Ainda há muito a ser descoberto para conhecer a extensão dos efeitos das redes em nossa saúde mental. Como psicólogos, é importante ajudar a conscientizar a sociedade sobre as consequências de determinados comportamentos, que podem ser identificados como neutros ou benignos, mas que podem ter um lado negativo.
Referências bibliográficas
- Echeburúa E., & De Corral, P. (2010). Dependência de novas tecnologias e redes sociais entre jovens: um novo desafio. Dependências, 22(2), 91-95.
- Francchina, V., et al (2018). Medo de se perder como preditor de uso problemático de mídia social e comportamento de phubbing em adolescentes de flamenco. Revista Internacional de Pesquisa Ambiental e Saúde Pública, 15 (10), 2319.

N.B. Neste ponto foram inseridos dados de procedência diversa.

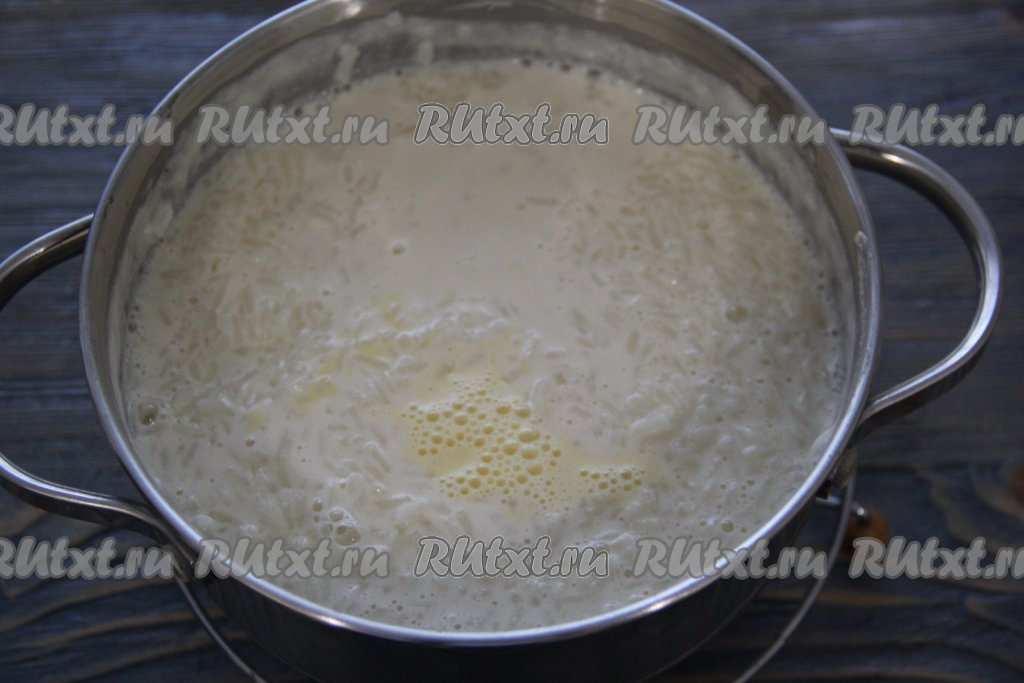 Тонкой струйкой, непрерывно перемешивая венчиком, влить желтковую массу в кастрюлю с рисовой кашей.

- Haidt, J. e Allen, N. (2020). Estude os efeitos da tecnologia digital na saúde mental.
- Hunt, M., et al (2018). Mais FOMO: Limitar as mídias sociais diminui a solidão e a depressão. Jornal de Psicologia Social e Clínica, 37 (10). 751-768.
- Perez-Elizondo, AD (2020). O que é a síndrome FOMO? Psychiatry. com, 24.
- Twengé, JM (2017). iGen: Por que as crianças superconectadas de hoje estão crescendo menos rebeldes, mais tolerantes, menos felizes e não totalmente preparadas para a vida adulta e o que isso significa para o resto de nós. Simon e Schuster.
- Varchetta, M. et al (2020). Vício em mídias sociais, medo de perder experiências (FOMO) e vulnerabilidade online entre estudantes universitários. Revista Digital de Pesquisa em Educação Universitária, 14 (1), e1187.